On June 9, 2006, notes from a study from the Center of Retirement Research were published in Money Management Executive. Here's how that story by Lee Barney read:
"Forty-three percent of Americans are likely to struggle in retirement and fully a third could fall into poverty, according to a report from the Center for Retirement Research.
The center based its assessment on households replacing 73% of their preretirement income through Social Security benefits as well as pensions and 401(k)s and ruled a household as "at risk" if it could not come within 10% of those levels.

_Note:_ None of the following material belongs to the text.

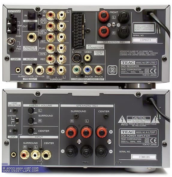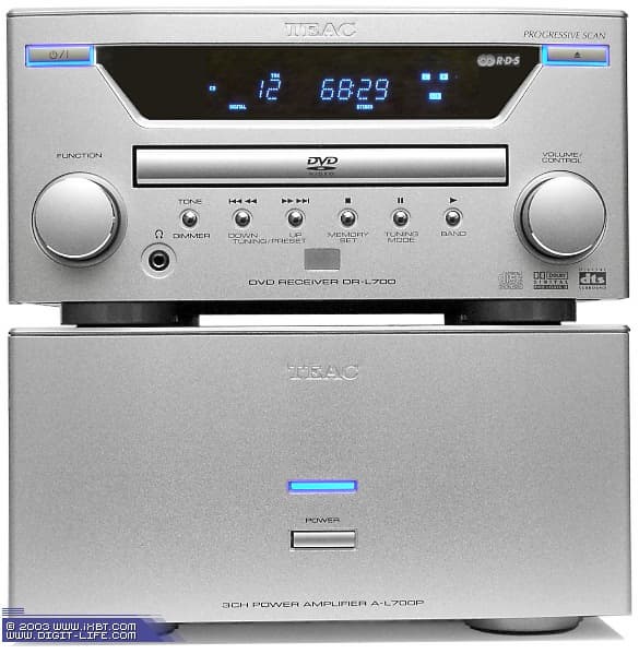 В одной из прошлых статей мы рассказывали про компактный AV-ресивер AG-L800 серии Legacy 800 компании Teac. Продолжая рассказывать о серии компонентов Legacy, мы познакомимся с аппаратами, имеющими индекс 700 в названии. По сути, компоненты Legacy 700 и Legacy 800 очень похожи по конструкции, однако отличаются выходной мощностью усилителей, комплектацией, а также имеют различную компоновку аппаратов. Если компоненты Legacy 800 — это традиционный по компоновке AV-ресивер с пятиканальным усилителем мощности, и DVD-плеер, то Legacy 700 — это аппараты несколько более гибкие в плане конфигурирования системы. В частности, DVD-плеер и AV-ресивер объединены в один корпус, но усилителей мощности здесь всего два — только для фронтальных каналов. Это значит, что для построения стереосистемы понадобиться всего один блок: DVD-ресивер DR-L700. Если же потребуется создать полноценный домашний кинотеатр, то надо будет докупить 3-канальный усилитель мощности (для центра и тыловых каналов) A-L700P, который объединяется командной шиной с основным блоком DVD-ресивера и фактически перестаёт быть отдельным блоком, являясь уже частью системы. Но поскольку наш раздел занимается освещением домашних кинотеатров во всевозможных проявлениях, то говорить мы будем об этих двух аппаратах, как о единой связке.

"For the bottom third of the income scale," said Alicia H. Munnell , director of the center, "that means falling into poverty and not being able to meet basic needs." Even for the middle and upper thirds of the income scale, Munnell continued, they are likely to have to scrimp to get by.
People born between 1965 and 1972, or Generation X, fare the worst, with 49% of these folks at risk, due to the majority not having pensions and possibly seeing Social Security benefits decline in their lifetimes. Baby Boomers, or those born between 1946 and 1964, do slightly better, with 33% of those born before 1955 at risk, and 44% of those born after that time at risk.
"People have to support themselves for longer at a time when resources are decreasing," Munnell said. "In theory, 401(k) plans work, but in fact, they don't The average balance at retirement is only $60,000, and individuals don't save outside of that."
My advice: From this day forward, say "No" to spending and "Yes" to saving.